DETAILS OF FOOD AND WATER QUALITY:
Analytical data related to contaminants in food, bedding material, and enrichment were confirmed to meet the standards established by this laboratory based on the “Limits of Contaminants in Foods and Vehicles” (1979) established according to the US EPA Toxic Substances Control Act. Quality of drinking water was tested twice a year according to the Ministerial Ordinances Related to Water Quality Standards issued by the Ministry of Health, Labor and welfare (MHLW Ordinance Nos. 101, 135 and 174). Latest test data received before arrival of animals and after completion of experiments were confirmed to meet the standards set according to these ordinances.

ENVIRONMENTAL CONDITIONS
- Temperature (°C): 21-25ºC
- Humidity (%): 40-70%
- Air changes (per hr): 10-15 times/hour
- Photoperiod (hrs dark / hrs light): a light/dark cycle of 12 hours (light on 7:00 and off at 19:00)

Route of administration:

oral: gavage

Details on route of administration:

Dosing solutions were orally administered by gavage once a day between 9:00 and 14:00

Vehicle:

olive oil

Details on oral exposure:

PREPARATION OF DOSING SOLUTIONS:
The test substance was precisely weighed and dissolved by adding olive oil to prepare a 20.0 w/v% solution of the test substance (dosing solution). Aliquots of the 20.0 w/v% solution of the test substance were diluted with olive oil to prepare 5.00 and 1.25 w/v% solutions of the test substance.

VEHICLE
- Justification for use and choice of vehicle (if other than water):
- Concentration in vehicle:20.0, 5.00 and 1.25 w/v%
- Amount of vehicle (if gavage): 4 mL/kg
- Lot/batch no. (if required): 240621

Analytical verification of doses or concentrations:

yes

Details on analytical verification of doses or concentrations:

Solutions of the test substance were sampled (n=1) from the mid layer shortly after preparation.
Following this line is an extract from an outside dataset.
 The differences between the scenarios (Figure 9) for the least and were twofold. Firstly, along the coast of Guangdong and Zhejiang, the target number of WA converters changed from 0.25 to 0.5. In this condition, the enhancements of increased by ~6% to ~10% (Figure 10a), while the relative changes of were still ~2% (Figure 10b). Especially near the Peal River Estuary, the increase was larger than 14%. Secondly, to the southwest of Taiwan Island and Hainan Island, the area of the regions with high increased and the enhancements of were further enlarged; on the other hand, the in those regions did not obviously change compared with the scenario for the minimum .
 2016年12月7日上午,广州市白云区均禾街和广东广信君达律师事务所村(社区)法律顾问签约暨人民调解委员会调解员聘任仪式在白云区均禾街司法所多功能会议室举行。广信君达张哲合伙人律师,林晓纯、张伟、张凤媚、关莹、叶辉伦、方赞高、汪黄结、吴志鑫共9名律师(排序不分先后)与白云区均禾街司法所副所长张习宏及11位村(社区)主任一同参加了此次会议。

After pre-treatment, concentrations of the test substance were determined once by HPLC (n=1). The relative concentration of the test substance was 100±10% of the nominal concentration at all three concentrations (102%, 103% and 99.2%, respectively, at 20.0 w/v%, 5.00 w/v% and 1.25 w/v%).
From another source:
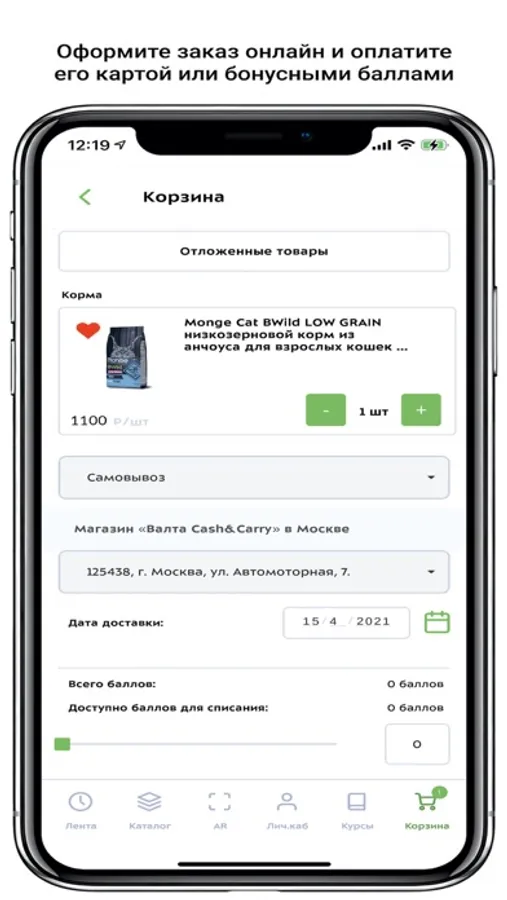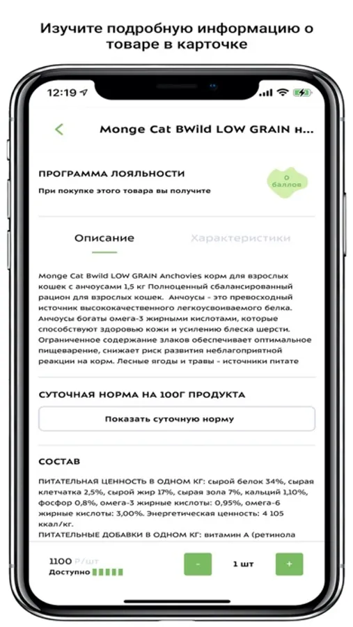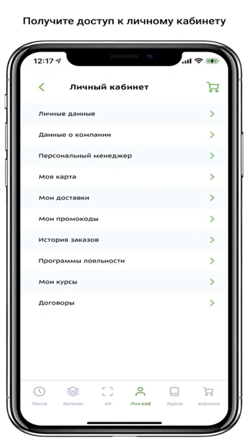 В приложении реализован личный кабинет пользователя, предоставлен доступ к выбору и закаказу товаров прямо из мобильного телефона.

Duration of treatment / exposure:

Males: 42 days
Females: from 14 days before mating to day 4 of lactation
Females (satellite): 42 days

Frequency of treatment:

once a day

Dose / conc.:

50 mg/kg bw/day (actual dose received)

Remarks:

Low dose

Dose / conc.:

200 mg/kg bw/day (actual dose received)

Remarks:

Mid dose

Dose / conc.:

800 mg/kg bw/day (actual dose received)

Remarks:

High dose

No. of animals per sex per dose:

Male: 7 rats/group（control and high dose groups of main study) +5 rats/group (control and high dose groups of recovery); 12 rats/group (low and middle dose groups of main study).
Female: 12 rats/group (all groups of main study) + 5 rats/group (control and high dose groups of recovery).

Control animals:

yes, concurrent vehicle

Details on study design:

- Dose selection rationale: Doses were set based on the results of a dose-setting study conducted for the combined multiple oral dose toxicity and reproduction toxicity study in rats. The test substance was orally administered at 0 (olive oil), 25, 250, 500 and 1,000 mg/kg/day for 14 days to 9-week-old Crl:CD(SD) rats, 3 males and 3 females per group, and animals were observed with respect to clinical signs and symptoms, weighed, and subjected to hematological and blood biochemical examinations, organ weighing, and autopsy. Testes were histopathologically examined in males. The test substance was found to affect mainly the testes and liver.
Thus, the test substance seemed to affect organs such as the testes and liver, but the effects on the liver were not thought to be significant toxic effects because changes such as enzyme deviations were not seen. Observation of clinical signs and symptoms showed changes which suggested effects on the nervous system such as staggering gait, but these were not thought to suggest any considerable toxic effect, either, because these were transient and were not associated with any significant changes in body weight. Toxic effects on the testes were considered to be strong at 1,000 mg/kg/day because these were moderate in two of the three animals and weak at 500 mg/kg/day because these were slight in one of the three animals. These findings suggested that a number of pregnant animals large enough to evaluate the effects on the next generation cannot be obtained due to toxic effects on the testes at 1,000 mg/kg/day and the test substance's toxicity profile cannot be appropriately evaluated due to weak toxicity at 500 mg/kg/day. Taking these findings and the scheduled treatment period in the combined study into account, 800 mg/kg/day, which was expected to give a number of pregnant animals large enough to evaluate effects on the next generation and make it possible to appropriately evaluate the test substance’s toxicity profile, was thought to be appropriate as a high dose, followed by a mid dose of 200 mg/kg/day, which was expected to show slight toxic effects, and a low dose of 50 mg/kg/day, which was not expected to be toxic.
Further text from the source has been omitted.